Bug 1529618
| Summary: | [Q35] MMIO hint is not passed to the guest OS when set mem-reserve=4G | ||||||||||||||||||||
|---|---|---|---|---|---|---|---|---|---|---|---|---|---|---|---|---|---|---|---|---|---|
| Product: | Red Hat Enterprise Linux 7 | Reporter: | jingzhao <jinzhao> | ||||||||||||||||||
| Component: | ovmf | Assignee: | Laszlo Ersek <lersek> | ||||||||||||||||||
| Status: | CLOSED NOTABUG | QA Contact: | FuXiangChun <xfu> | ||||||||||||||||||
| Severity: | high | Docs Contact: | |||||||||||||||||||
| Priority: | high | ||||||||||||||||||||
| Version: | 7.5 | CC: | chayang, jinzhao, juzhang, marcel, virt-maint | ||||||||||||||||||
| Target Milestone: | rc | ||||||||||||||||||||
| Target Release: | 7.4 | ||||||||||||||||||||
| Hardware: | Unspecified | ||||||||||||||||||||
| OS: | Unspecified | ||||||||||||||||||||
| Whiteboard: | |||||||||||||||||||||
| Fixed In Version: | Doc Type: | Enhancement | |||||||||||||||||||
| Doc Text: | Story Points: | --- | |||||||||||||||||||
| Clone Of: | 1390346 | Environment: | |||||||||||||||||||
| Last Closed: | 2018-01-05 12:40:04 UTC | Type: | Bug | ||||||||||||||||||
| Regression: | --- | Mount Type: | --- | ||||||||||||||||||
| Documentation: | --- | CRM: | |||||||||||||||||||
| Verified Versions: | Category: | --- | |||||||||||||||||||
| oVirt Team: | --- | RHEL 7.3 requirements from Atomic Host: | |||||||||||||||||||
| Cloudforms Team: | --- | Target Upstream Version: | |||||||||||||||||||
| Embargoed: | |||||||||||||||||||||
| Attachments: |
|
||||||||||||||||||||
Hi Laszlo
summarized the test result, hope you can see it clearly
1. used the default value "-device pcie-root-port,id=root.3,slot=4 " and plug memory to the pcie-root-port
{'execute': 'object-add', 'arguments': {'id': 'shmmem-shmem0', 'qom-type': 'memory-backend-ram', 'props': {'policy': 'default', 'size': 4294967296}}}
{"return": {}}
{'execute': 'device_add', 'arguments':{'id': 'shmem0','driver': 'ivshmem-plain', 'memdev': 'shmmem-shmem0', 'bus':'root.3'}}
{"return": {}}
test result:
[root@localhost ~]# lspci -vvv -t
-[0000:00]-+-00.0 Intel Corporation 82G33/G31/P35/P31 Express DRAM Controller
+-01.0 Red Hat, Inc.
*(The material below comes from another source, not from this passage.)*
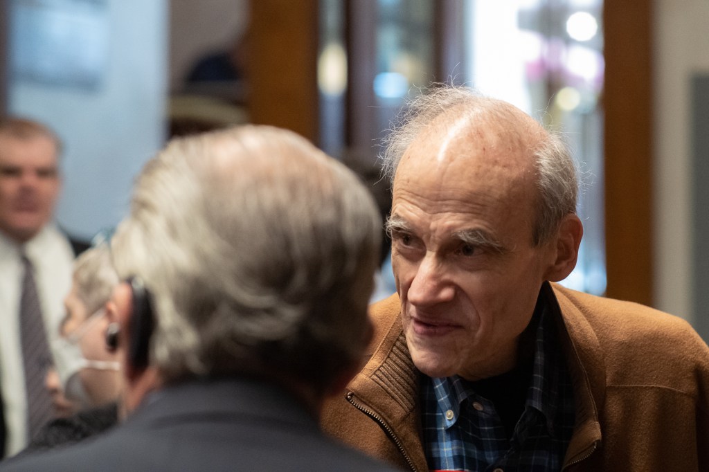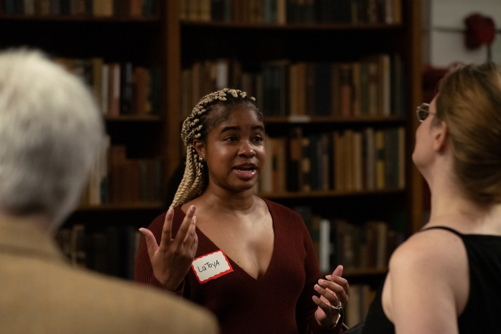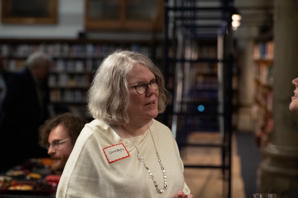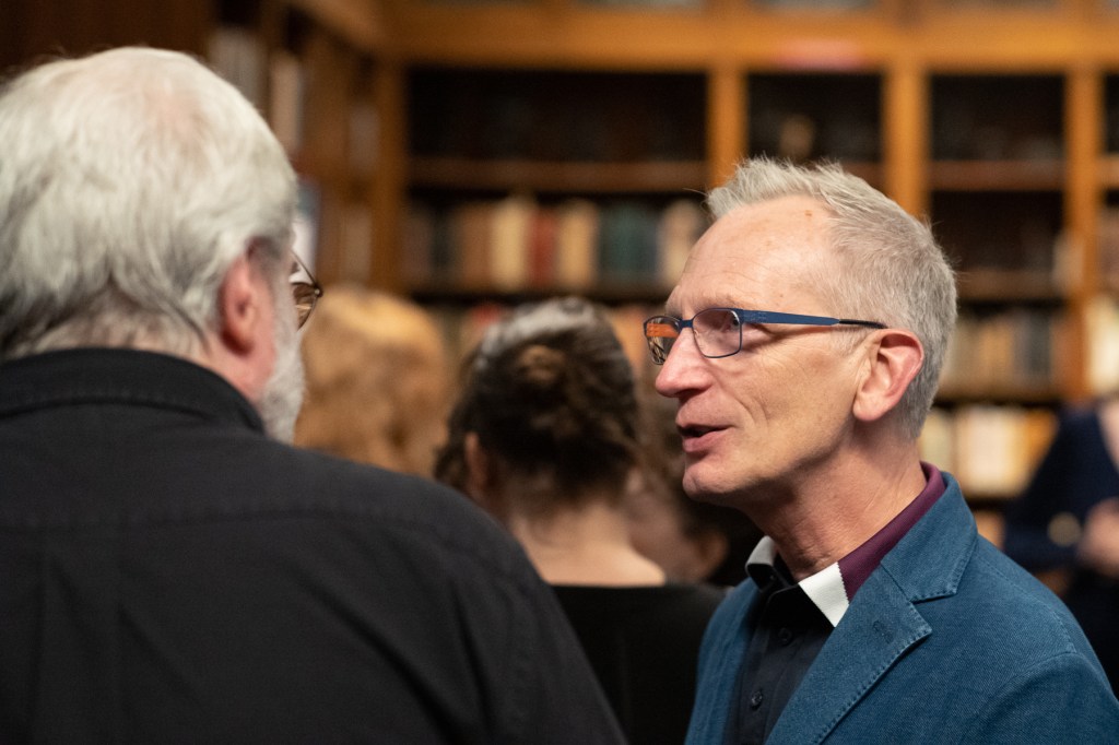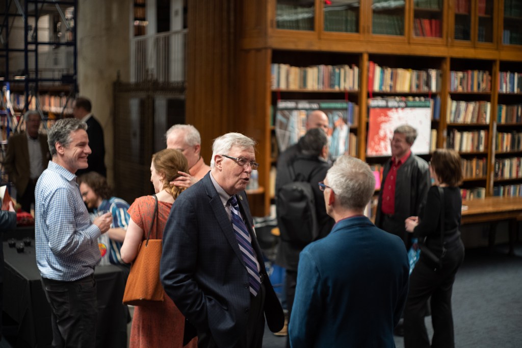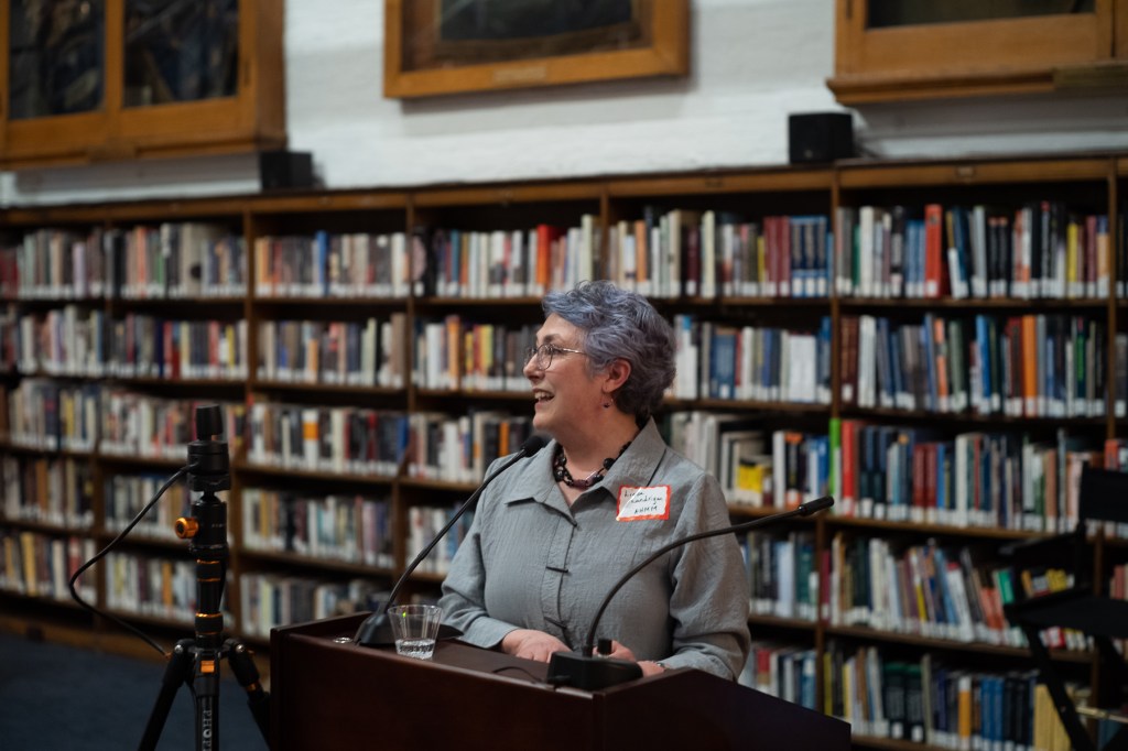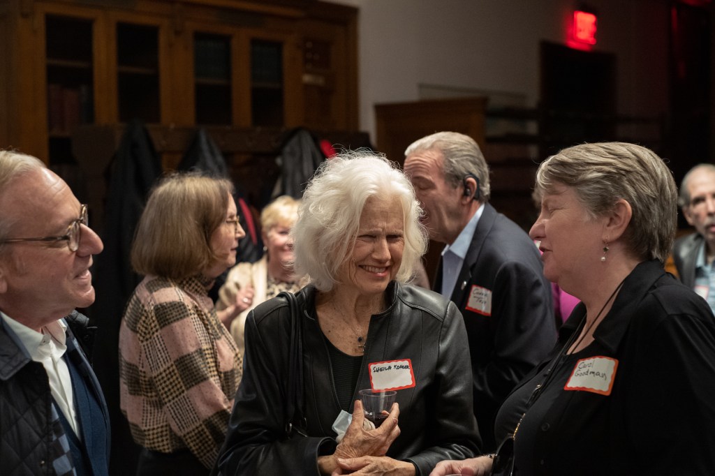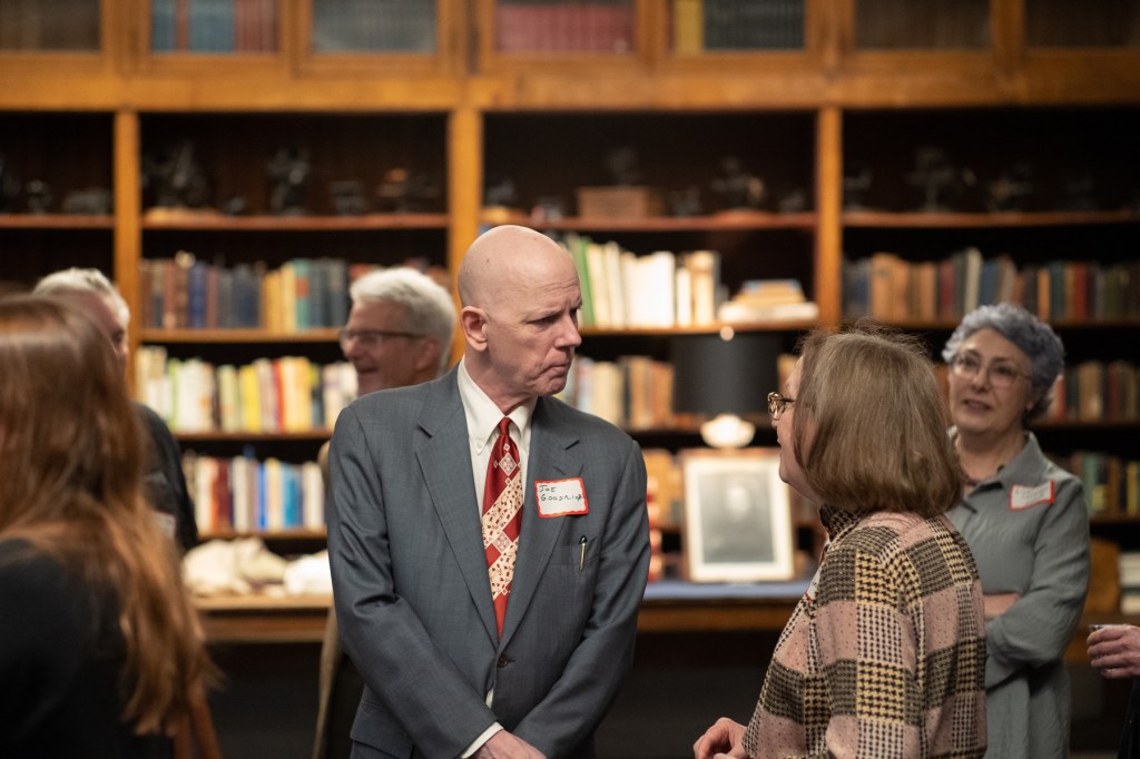 It’s my pleasure this week to herald the return of our photo gallery of events surrounding the Edgar Allan Poe Awards in New York City and the Malice Domestic convention in Bethesda, Maryland! The festivities all kicked off for the Dell Mystery Magazines with our pre-Edgars party, at which it’s been our custom for many years to present the EQMM Readers Awards. The Readers Awards presentation had to be done virtually in 2020 and 2021. In 2022, we held an in-person gathering, but it was a scaled-down celebration, with few guests attending from out of town and only two of the year’s four Readers Award winners present. As you’ll see from the photos below, last week’s party filled the house (which was, as in several previous years, the library of the General Society of Mechanics and Tradesmen, on 44th Street in Manhattan). Attendees included third-place Readers Award winner Anna Scotti, who flew in from California to receive her scroll for “Schrödinger, Cat” (EQMM March/April 2022); Doug Allyn, whom we hadn’t seen since our 2019 pre-Edgars party, who took second-place honors for “Blind Baseball” (EQMM May/June 2022); and W. Edward Blain, who captured readers’ votes with his pandemic-inspired story “The Secret Sharer” (EQMM July/August 2022), which took first place from a field of more than a hundred stories published in the magazine in 2022.

QXL paravirtual graphic card
+-02.0-[01]----00.0 Red Hat, Inc. Virtio block device
+-03.0-[02-06]----00.0-[03-06]--+-00.0-[04]--
| +-01.0-[05]--
| \-02.0-[06]--
+-04.0-[07]----00.0 Red Hat, Inc. Virtio network device
+-05.0-[08]----00.0 Red Hat, Inc. Inter-VM shared memory
+-1f.0 Intel Corporation 82801IB (ICH9) LPC Interface Controller
+-1f.2 Intel Corporation 82801IR/IO/IH (ICH9R/DO/DH) 6 port SATA Controller [AHCI mode]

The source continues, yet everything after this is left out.